世人拜我(327)
长剑入体,银白粒子子弹一般从张青山体内破体而出,血雾在青色身影上接连炸开。张青山受到重创,被白術死死拖着,一时间无法移动,而【天召】得到喘息,几个闪身就已经跑出去很远。
路不尘正要去追,张青山忽然暴起,垂在身侧的五指一抓,一股强劲的水流猛地拽住玄天,显然是受【天召】操控,想要一拖二,给自己脱身争取时间。路不尘果断松开长弓,赤手空拳追击而出。
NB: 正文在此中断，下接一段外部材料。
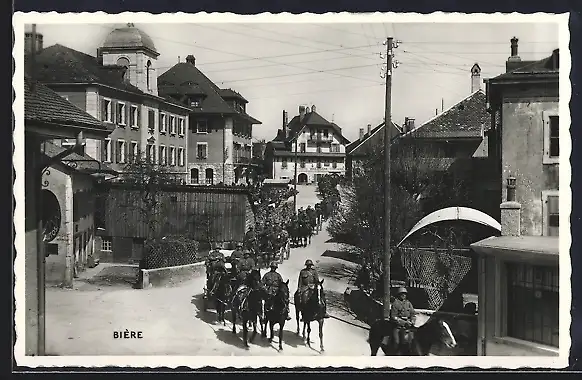 AK Biere, Strassenpartie mit Gebäudeansicht u. Soldaten in Uniformen auf Pferden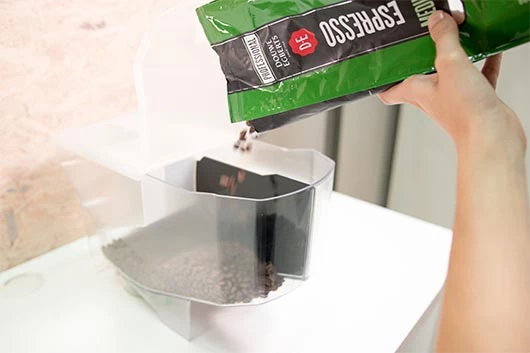Open de deksel van de koffiecontainer voor gemalen koffie en/of koffiebonen. Je kunt nu de koffiebonen of gemalen koffie toevoegen.

黑色残影刮过废墟,裹挟着滔天煞气,【天召】回头,如见修罗,咬牙切齿:“疯子,都是疯子!!路不尘,我知道你想干什么。你损耗过大,又没有武器,怎么杀我——”
“谁说没有。”路不尘沉声打断他。
【天召】悚然一惊,就见不断逼近的长发身影抬起左手,低沉的声音回荡在废墟上空:
“牧肖!!”
轰!杀气弥漫天地,城市某处坍塌的废墟被骤然掀翻,一道血影破地而出,风驰电掣落入路不尘手中。
那是一把横刀,刀刃猩红,黑红煞气环绕,名为斩城。
长刀入手,路不尘逼至【天召】眼前,那一刻,尸山血海的幻象在眼前展开,【天召】身形一滞,路不尘挥刀横斩,声音森冷如坠地狱:“杀你,一刀够了。”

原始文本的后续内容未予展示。